• **Extracted material**:

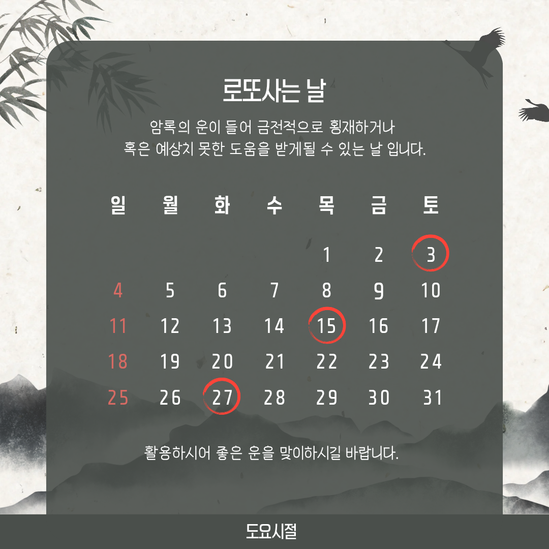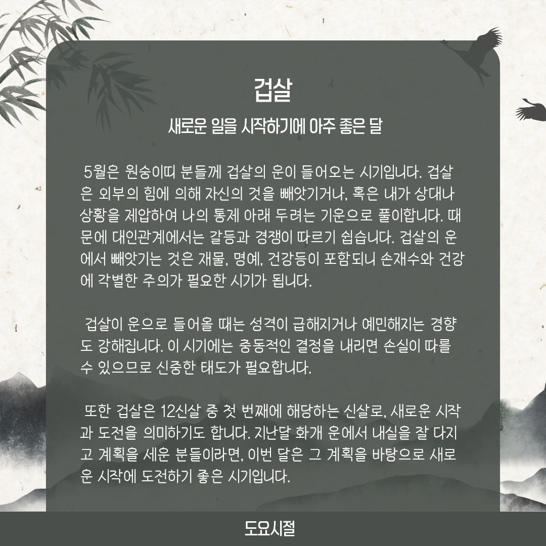 또한 겁살은 12신살 중 첫 번째에 해당하는 신살로, 새로운 시작과 도전을 의미하기도 합니다. 지난달 화개 운에서 내실을 잘 다지고 계획을 세운 분들이라면, 이번 달은 그 계획을 바탕으로 새로운 시작에 도전하기 좋은 시기입니다.
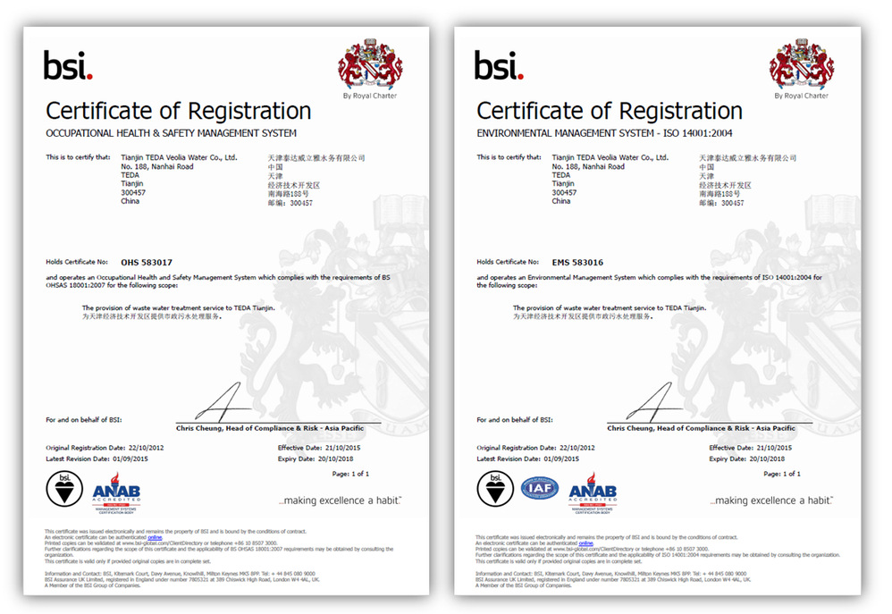 2012年公司獲得BSI公司頒發的ISO 14001OHSAS 18001體系認證證書,保持著ISO 14001OHSAS 18001體系的穩定運行。
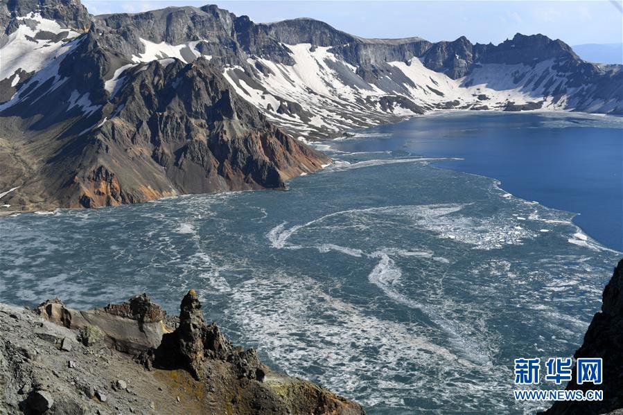 這是6月12日拍攝的長(zhǎng)白山天池。近日,長(zhǎng)白山天池冰層逐漸消融,迎來(lái)“開(kāi)冰季”。新華社記者 林宏 攝
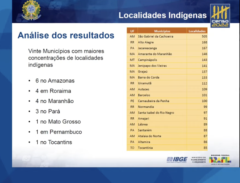 BRASÍLIA (DF) – Dos 20 municípios com o maior número de localidades indígenas no Brasil, 19 estão localizadas na Amazônia Legal, sendo seis no Amazonas, quatro em Roraima e no Maranhão, três no Pará e uma em Mato Grosso e Tocantins. É o que mostra o resultado do “Censo Demográfico 2022: Indígenas – Principais características das pessoas e dos domicílios”, divulgado pelo Instituto Brasileiro de Geografia e Estatística (IBGE), nesta quinta-feira, 19, no Rio de Janeiro.
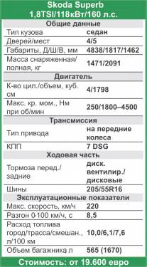 Пока снаружи сделали несколько снимков, благодаря включенному на максимальный режим охлаждения климат-контролю воздух в салоне остыл за считанные минуты. После недолгого знакомства с аудиосистемой мы отправились на городские улицы. Кстати, сенсорное управление волнами FM-приемника путем нажатия на дисплее частоты нужной станции – вещь не только забавная, но и нужная в целях безопасности. Дело в то, что на большом экране высвечивается сразу 6 станций, и можно быстро нажать на любую из них, не отвлекаясь надолго от дороги. Приятная мелочь, от которой не хочется отказываться при покупке машины. Другое открытие – сбалансированная работа коробки DSG c 160-сильным мотором. Вполне возможно, что двигателя меньшего объема в паре с “роботом” окажется для самой большой Skoda маловато, а вот этот в самый раз. На мой взгляд, 1,8-литровый TSI – золотая серединка. Машина оказалось необычно живой на всех режимах разгона. Динамика разгона до «сотни» за 8 с небольшим секунд не позволит на Skoda Superb чувствовать себя неловко как в городе, так и на шоссе. Небольшие турбопровалы и легкие рывки семиступенчатого “робота” DSG при движении в пробках сразу забывались после выезда на оперативный простор. Одного хорошего нажатия на газ достаточно, чтобы Skoda Superb легко ушла с перекрестка первой. Мотор работает при этом абсолютно тихо как на холостом ходу, так и при разгоне. В паре с “роботом” DSG он наделяет большую Skoda хорошими спринтерскими задатками, соблюдая при этом умеренность в потреблении горючего. После динамичного движения в городе борткомпьютер показывал средний расход в районе 11 литров на “сотню”. На минской кольцевой Superb и вовсе перешел на «диету» в 6 л/100 км в мгновенном измерении при скорости 100 км/час.
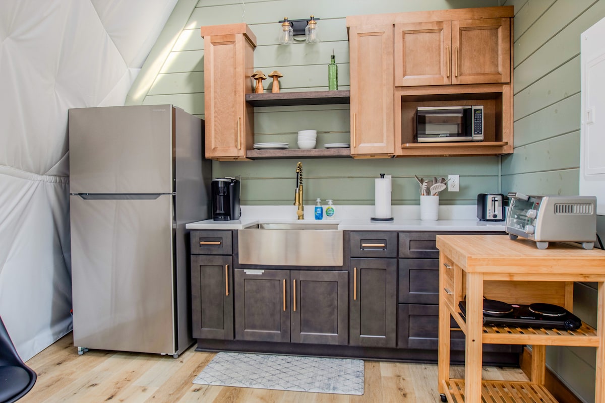 Welcome to our modern sanctuary nestled in the serene woods of Smithville, just a stones throw away from the tranquil waters of Center Hill Lake. Solace Sphere offers a contemporary twist on the classic dome design, featuring a one bedroom layout with a loft, complemented by a rejuvenating waterfall shower and top-of-the-line appliances for your comfort and convenience. We are located 1-1/2 hours from Nashville and 3 miles from Pate’s Ford Marina Bar and Grill. We hope you find your Solace.
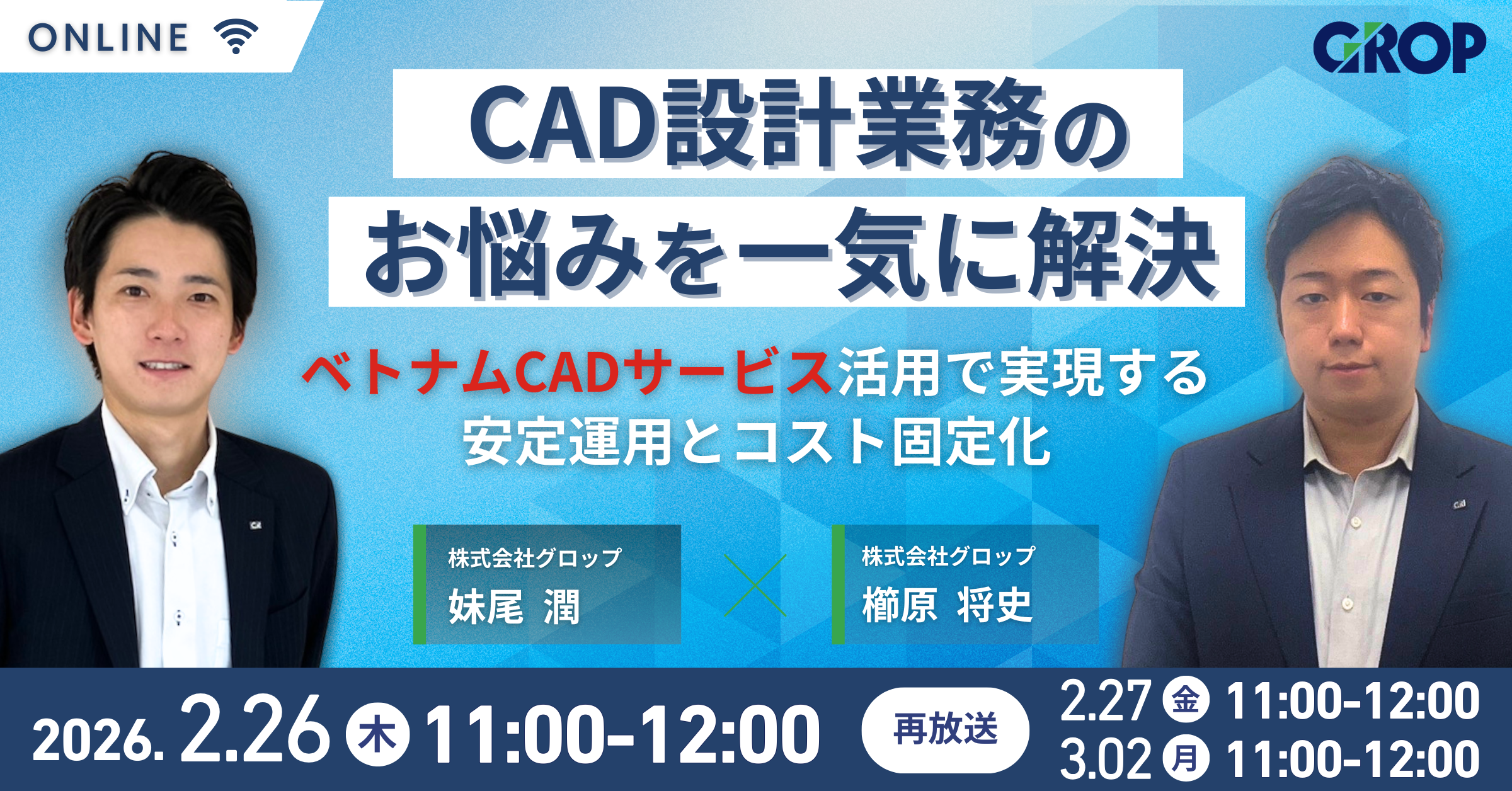 グロップ(岡山県岡山市)は、CAD設計業務の外部活用をテーマにしたWebセミナーを2026年2月26日11時〜12時にLIVE配信します。参加費は無料で、申込み後に届くメール内URLから参加できます。アーカイブ配信は2月27日と3月2日の各11時〜12時です。
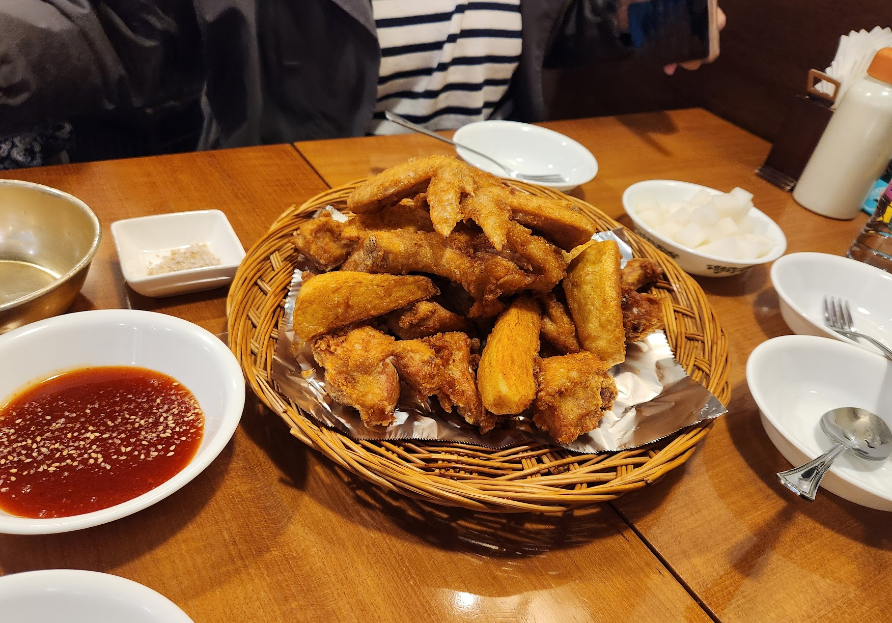 저희는 지하로 내려갔습니다. 치킨은 이렇게 나와요. 감자도 같이 튀겼습니다. 배고파서 그런지 더 맛있어요. 바삭하게 튀겼고 가슴살 같은 경우에는 칼집을 내서 좀 더 안쪽까지 튀기려고 했네요.
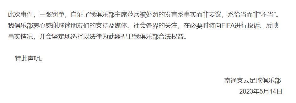 最後南通支雲俱樂部表示,“在必要時將向FIFA進行投訴,並會堅定地選擇以法律爲武器捍衛我俱樂部合法權益”。
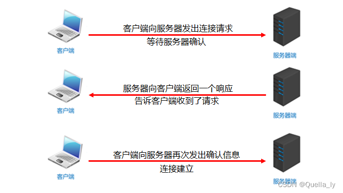 三次握手:TCP协议中,在发送数据的准备阶段,客户端与服务器之间的三次交互,以保证连接的可靠
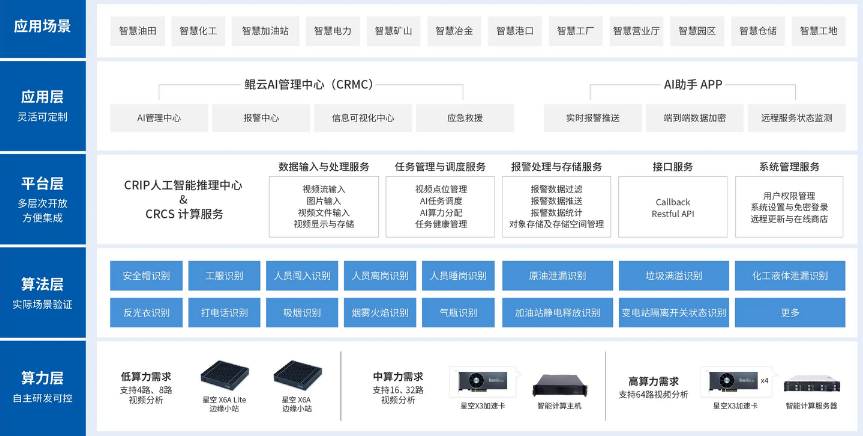 目前鯤云智能AI安防方案的應(yīng)用場(chǎng)景包括智慧化工、智慧礦山、智慧工地、智慧加油站、智慧糧庫(kù)、智慧社區(qū)等高危領(lǐng)域。針對(duì)不同行業(yè),鯤云科技按照不同行業(yè)的安全風(fēng)險(xiǎn)的特點(diǎn)和企業(yè)實(shí)際需求,提供了不同配置的AI邊緣盒子和AI邊緣服務(wù)器,通過(guò)部署安全帽識(shí)別、抽煙識(shí)別、煙霧火焰識(shí)別、工服識(shí)別等通用算法和行業(yè)定制化算法,利用AI視頻分析技術(shù)賦能傳統(tǒng)安防,在安全生產(chǎn)管理上成功幫助1000+企業(yè)減少了99%的安全事故發(fā)生率,減少了47%的人工成本,管理效率直線提升56%。
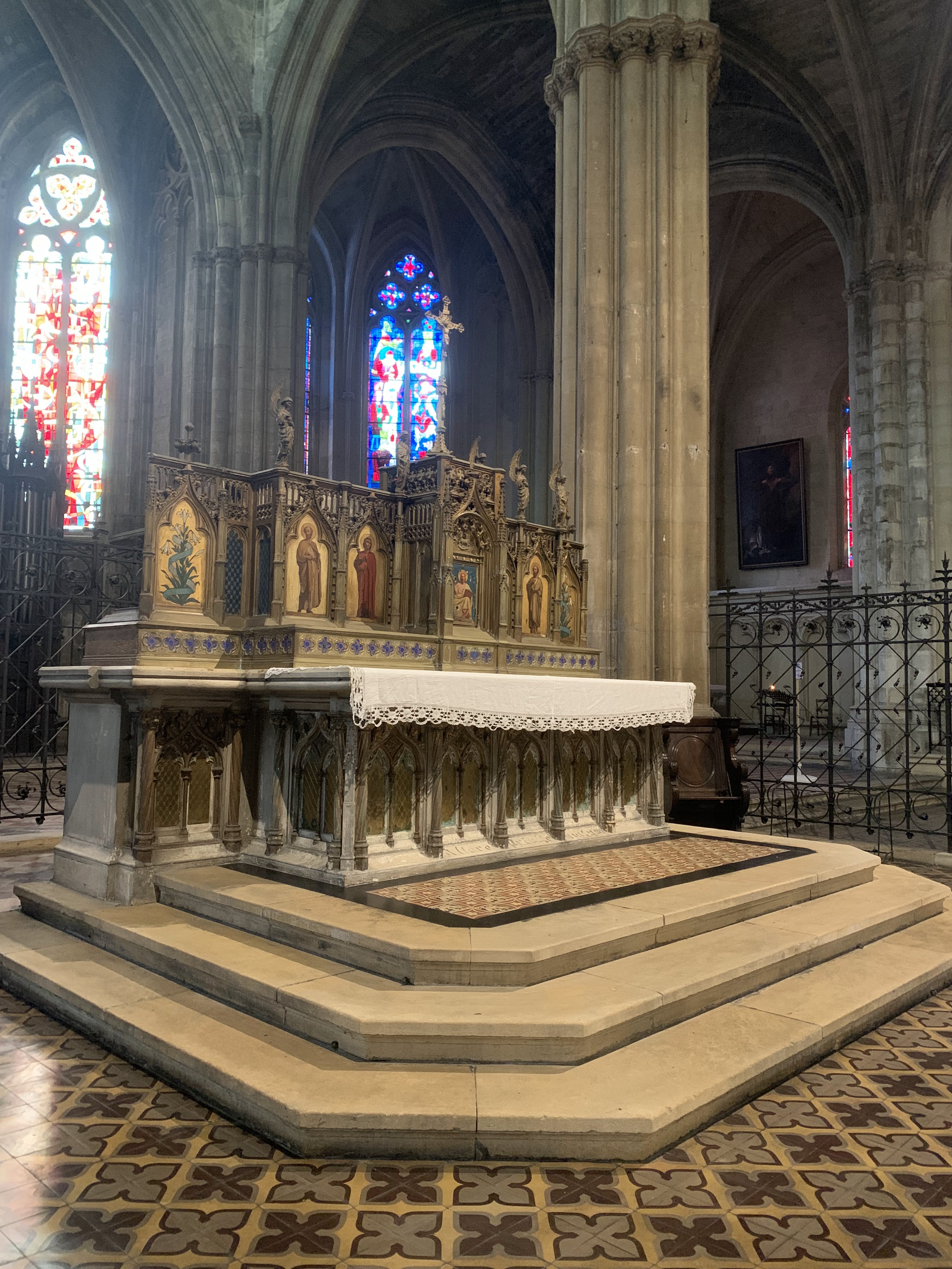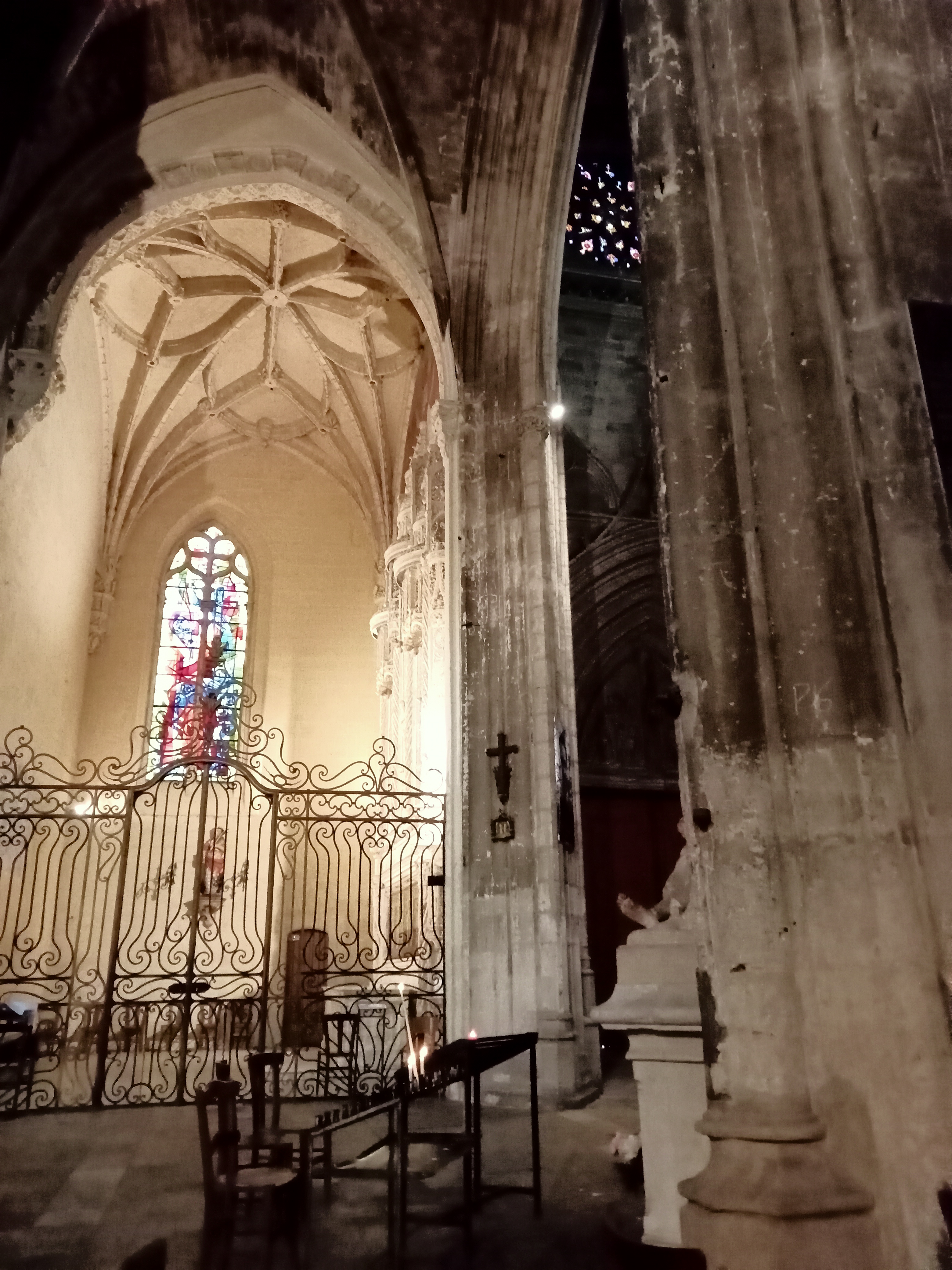 Visite de la cathédrale comme tous les monuments religieux de Bordeaux . Elle relève le niveau de certains édifices que j'ai trouvé décevant a première vue . Grande , éclairée avec de beaux vitraux , elle manque une peu d'ornement mais mérite d'être visitée . Le défaut principal reste le manque de produits dérivés : c'est bête a dire mais cela permet aux gens qui ne sont pas de Bordeaux de repartir avec un petit quelque chose et a la cathédrale de financer une partie de la rénovation.

• **What you will do**:
Copy out the whole listing exactly. Skip its pictures.

• **Completed exercise**:
 또한 겁살은 12신살 중 첫 번째에 해당하는 신살로, 새로운 시작과 도전을 의미하기도 합니다. 지난달 화개 운에서 내실을 잘 다지고 계획을 세운 분들이라면, 이번 달은 그 계획을 바탕으로 새로운 시작에 도전하기 좋은 시기입니다.
 2012年公司獲得BSI公司頒發的ISO 14001OHSAS 18001體系認證證書,保持著ISO 14001OHSAS 18001體系的穩定運行。
 這是6月12日拍攝的長(zhǎng)白山天池。近日,長(zhǎng)白山天池冰層逐漸消融,迎來(lái)“開(kāi)冰季”。新華社記者 林宏 攝
 BRASÍLIA (DF) – Dos 20 municípios com o maior número de localidades indígenas no Brasil, 19 estão localizadas na Amazônia Legal, sendo seis no Amazonas, quatro em Roraima e no Maranhão, três no Pará e uma em Mato Grosso e Tocantins. É o que mostra o resultado do “Censo Demográfico 2022: Indígenas – Principais características das pessoas e dos domicílios”, divulgado pelo Instituto Brasileiro de Geografia e Estatística (IBGE), nesta quinta-feira, 19, no Rio de Janeiro.
 Пока снаружи сделали несколько снимков, благодаря включенному на максимальный режим охлаждения климат-контролю воздух в салоне остыл за считанные минуты. После недолгого знакомства с аудиосистемой мы отправились на городские улицы. Кстати, сенсорное управление волнами FM-приемника путем нажатия на дисплее частоты нужной станции – вещь не только забавная, но и нужная в целях безопасности. Дело в то, что на большом экране высвечивается сразу 6 станций, и можно быстро нажать на любую из них, не отвлекаясь надолго от дороги. Приятная мелочь, от которой не хочется отказываться при покупке машины. Другое открытие – сбалансированная работа коробки DSG c 160-сильным мотором. Вполне возможно, что двигателя меньшего объема в паре с “роботом” окажется для самой большой Skoda маловато, а вот этот в самый раз. На мой взгляд, 1,8-литровый TSI – золотая серединка. Машина оказалось необычно живой на всех режимах разгона. Динамика разгона до «сотни» за 8 с небольшим секунд не позволит на Skoda Superb чувствовать себя неловко как в городе, так и на шоссе. Небольшие турбопровалы и легкие рывки семиступенчатого “робота” DSG при движении в пробках сразу забывались после выезда на оперативный простор. Одного хорошего нажатия на газ достаточно, чтобы Skoda Superb легко ушла с перекрестка первой. Мотор работает при этом абсолютно тихо как на холостом ходу, так и при разгоне. В паре с “роботом” DSG он наделяет большую Skoda хорошими спринтерскими задатками, соблюдая при этом умеренность в потреблении горючего. После динамичного движения в городе борткомпьютер показывал средний расход в районе 11 литров на “сотню”. На минской кольцевой Superb и вовсе перешел на «диету» в 6 л/100 км в мгновенном измерении при скорости 100 км/час.
 Welcome to our modern sanctuary nestled in the serene woods of Smithville, just a stones throw away from the tranquil waters of Center Hill Lake. Solace Sphere offers a contemporary twist on the classic dome design, featuring a one bedroom layout with a loft, complemented by a rejuvenating waterfall shower and top-of-the-line appliances for your comfort and convenience. We are located 1-1/2 hours from Nashville and 3 miles from Pate’s Ford Marina Bar and Grill. We hope you find your Solace.
 グロップ(岡山県岡山市)は、CAD設計業務の外部活用をテーマにしたWebセミナーを2026年2月26日11時〜12時にLIVE配信します。参加費は無料で、申込み後に届くメール内URLから参加できます。アーカイブ配信は2月27日と3月2日の各11時〜12時です。
 저희는 지하로 내려갔습니다. 치킨은 이렇게 나와요. 감자도 같이 튀겼습니다. 배고파서 그런지 더 맛있어요. 바삭하게 튀겼고 가슴살 같은 경우에는 칼집을 내서 좀 더 안쪽까지 튀기려고 했네요.
 最後南通支雲俱樂部表示,“在必要時將向FIFA進行投訴,並會堅定地選擇以法律爲武器捍衛我俱樂部合法權益”。
 三次握手:TCP协议中,在发送数据的准备阶段,客户端与服务器之间的三次交互,以保证连接的可靠
 目前鯤云智能AI安防方案的應(yīng)用場(chǎng)景包括智慧化工、智慧礦山、智慧工地、智慧加油站、智慧糧庫(kù)、智慧社區(qū)等高危領(lǐng)域。針對(duì)不同行業(yè),鯤云科技按照不同行業(yè)的安全風(fēng)險(xiǎn)的特點(diǎn)和企業(yè)實(shí)際需求,提供了不同配置的AI邊緣盒子和AI邊緣服務(wù)器,通過(guò)部署安全帽識(shí)別、抽煙識(shí)別、煙霧火焰識(shí)別、工服識(shí)別等通用算法和行業(yè)定制化算法,利用AI視頻分析技術(shù)賦能傳統(tǒng)安防,在安全生產(chǎn)管理上成功幫助1000+企業(yè)減少了99%的安全事故發(fā)生率,減少了47%的人工成本,管理效率直線提升56%。
 Visite de la cathédrale comme tous les monuments religieux de Bordeaux . Elle relève le niveau de certains édifices que j'ai trouvé décevant a première vue . Grande , éclairée avec de beaux vitraux , elle manque une peu d'ornement mais mérite d'être visitée . Le défaut principal reste le manque de produits dérivés : c'est bête a dire mais cela permet aux gens qui ne sont pas de Bordeaux de repartir avec un petit quelque chose et a la cathédrale de financer une partie de la rénovation.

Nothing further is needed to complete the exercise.